Based on cinacalcet’s mechanism of action, there is a natural impulse to use the medication in the management of primary hyperparathyroidism. However, the drug was only approved by the FDA in 2011 for patients with primary hyperparathyroidism and severe hypercalcemia who are unable to undergo parathyroidectomy. The rationale for this has been practical, as surgery is usually an excellent option for a definitive cure. Additionally, while cinacalcet lowers serum calcium and PTH levels in patients with primary hyperparathyroidism, there is no improvement in bone mineral density (BMD) after five years of therapy. An improvement in BMD is typically seen after surgical cure of primary hyperparathyroidism, so it is unclear that cinacalcet will off er the same long-term benefits.

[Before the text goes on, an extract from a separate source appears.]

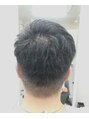 ダイヤモンドヘッドゆえのサイドの張り出しは今回無視!とにかく軽く見えるようにというのがオーダー。短い髪の毛をスタイルチェンジするのに左右非対称(アシンメトリー)はカッコいいのでオススメです。

For these reasons, cinacalcet should not be considered an equivalent alternative to parathyroidectomy for patients in whom surgery would be indicated. Conversely, if surgery is not indicated, typically due to lack of symptoms and a low risk of complications from the hyperparathyroidism, cinacalcet would not likely off er benefit. Hence, cinacalcet would only be recommended for use in less common situations. As an example, I have helped manage a 65-year-old woman with primary hyperparathyroidism, corrected serum calcium levels as high as 11.7 mg/dL (normal <10.1 mg/dL), and progressive renal failure. No autonomous parathyroid tissue was localized despite various imaging modalities. Attempts at surgical exploration were postponed due to repeated bouts with decompensated congestive heart failure. Due to progressive hypercalcemia, she was treated with cinacalcet. The starting dose of 30 mg twice daily actually caused modest, asymptomatic hypocalcemia (with similarly elevated PTH levels). She has since responded well to 600 mg of calcium carbonate twice daily and 50,000 international units of ergocalciferol weekly while continuing the same dose of cinacalcet.

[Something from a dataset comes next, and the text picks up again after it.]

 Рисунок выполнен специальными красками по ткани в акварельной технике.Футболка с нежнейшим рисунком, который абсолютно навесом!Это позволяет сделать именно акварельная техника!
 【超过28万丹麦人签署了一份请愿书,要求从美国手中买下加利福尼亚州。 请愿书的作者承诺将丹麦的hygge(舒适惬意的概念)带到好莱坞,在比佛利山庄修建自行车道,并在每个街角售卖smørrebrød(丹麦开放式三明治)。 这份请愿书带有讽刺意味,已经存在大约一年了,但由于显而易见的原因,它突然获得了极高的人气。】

Calcilytics are compounds that antagonize the CaSR, thereby stimulating endogenous PTH secretion. Since brief, daily exposure to exogenous PTH or its analogs is known to stimulate anabolic bone growth with a reduction in fracture risk, agents in this class are being studied as a potential anabolic therapy for osteoporosis. The first generation of these agents was shown to cause a dramatic increase in bone turnover in ovariectomized rats, though there was no change in BMD. This was felt to be due to a longer duration of action leading to a more prolonged elevation of PTH (>4 hours). More recently, a shorter-acting calcilytic, ronacaleret, has been shown to increase trabecular BMD in postmenopausal women, though there were small decreases in cortical BMD, still implying excess PTH exposure. Therefore, while it is not clear where these agents will take us, they do off er the promise of an orally administered, anabolic therapy for osteoporosis.
The discovery of the CaSR has revolutionized our understanding of calcium homeostasis. Not only has it allowed us to define the etiology of certain disorders of calcium metabolism, but it has also provided a target at which to aim therapeutics for a wide array of pathologies.